When it comes to college sports, there’s no lack of desire to explore new revenue streams.
Season ticket holders, merchandise, and concessions no longer cut it.
Last month the MAC and PAC-12 became the first conferences to leverage player data for profit.
The Mid-American Conference was the first NCAA conference to enter the fray, announcing a five-year deal with Genius Sports.
The partnership gives Genius Sports access to all in-sport player data in the conference. And exclusive rights to manage and market that same data.
All colleges that compete within the MAC exist in states where gambling on sports has been legalized.
The partnership paves the way for the acquired data to be legally sold to sportsbooks. Although the MAC leadership insists the deal was made without consideration for sports betting.
Sports betting in GA is not legal but has been on the legislative agenda for a few years. It may simply be a matter of wearing down the opponents before it becomes a reality.
The Power 5 follows suit
Shortly following suit was the PAC-12, the first Power-5 conference to ink a deal to monetize player data.
Their agreement is with San Francisco-based Tempus Ex Machina. A sports tech outfit that seeks to utilize machine learning to provide up-to-the-second onfield data.
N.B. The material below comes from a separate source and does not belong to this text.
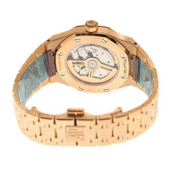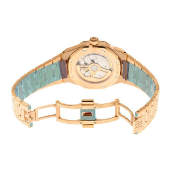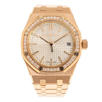 Rose gold-tone 18kt rose gold case and bracelet. Fixed rose gold-tone bezel with diamond set 18kt rose gold. Silver-tone dial with rose gold-tone hands and index hour markers. Minute markers around the outer rim. Dial Type: Analog. Date display at the 3 o'clock position. Audemars Piguet Calibre 5900 Automatic movement, containing 29 Jewels, bitting at 28800 vph, and has a power reserve of approximately 60 hours. Scratch resistant sapphire crystal. Transparent see through case back. Round case shape, case size: 37 mm, case thickness: 9 mm. Fold over clasp with a safety release. Water resistant at 50 meters / 165 feet. Functions: date, hour, minute, second. Additional Info: original box, international warranty card, manual (complete accessories). Royal Oak Series. Luxury watch style. Watch label: Swiss Made. Audemars Piguet Royal Oak Automatic Diamond Silver Dial Ladies Watch 15551OR.ZZ.1356OR.04.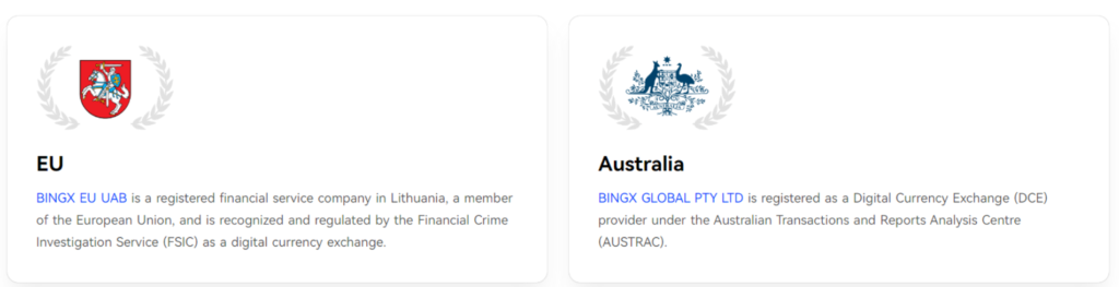 In the European Union, BingX is regulated by the Financial Crime Investigation Service (FCIS) in Lithuania, allowing it to offer a range of services including spot and derivatives trading. Down under in Australia, it’s registered as a Digital Currency Exchange provider, aligning with the country’s financial regulations.

That information can be used to create a better viewing experience. And of course, for better insight when placing bets on college sports.
The PAC-12 has not currently authorized its data to be sold in any sports betting capacity. You can read into these developments as you wish.
These deals can both be viewed as watershed moments for the NCAA. Especially through the lens of a country undergoing a state-by-state reevaluation of sports gambling and its place in society and culture.
From the MAC’s standpoint, it appears they’ve adopted the mindset of, “Well, they’re taking it anyway — where’s our cut?”
MAC Commissioner Jon Steinbrecher had this to say to ESPN:
“We’re doing this to control our data, which ends up in the public domain anyway,”
It’s the kind of statement you make when you see the train has long left the station and you want to make sure the tracks are ready at your stop.
Sports betting changes & complexities ahead for NCAA
With the wave of sports betting bills reaching statehouses throughout the country, it’s no surprise. The NCAA is a business, after all. And the best component of any successful business is the ability to see the writing on the wall.
Where this gets slightly more complex, however, is when you factor in NIL deals that now dominate college sports, especially college football. If a player is legally entitled to compensation for her name, image, and likeness, could that apply to in-game performance data, as well?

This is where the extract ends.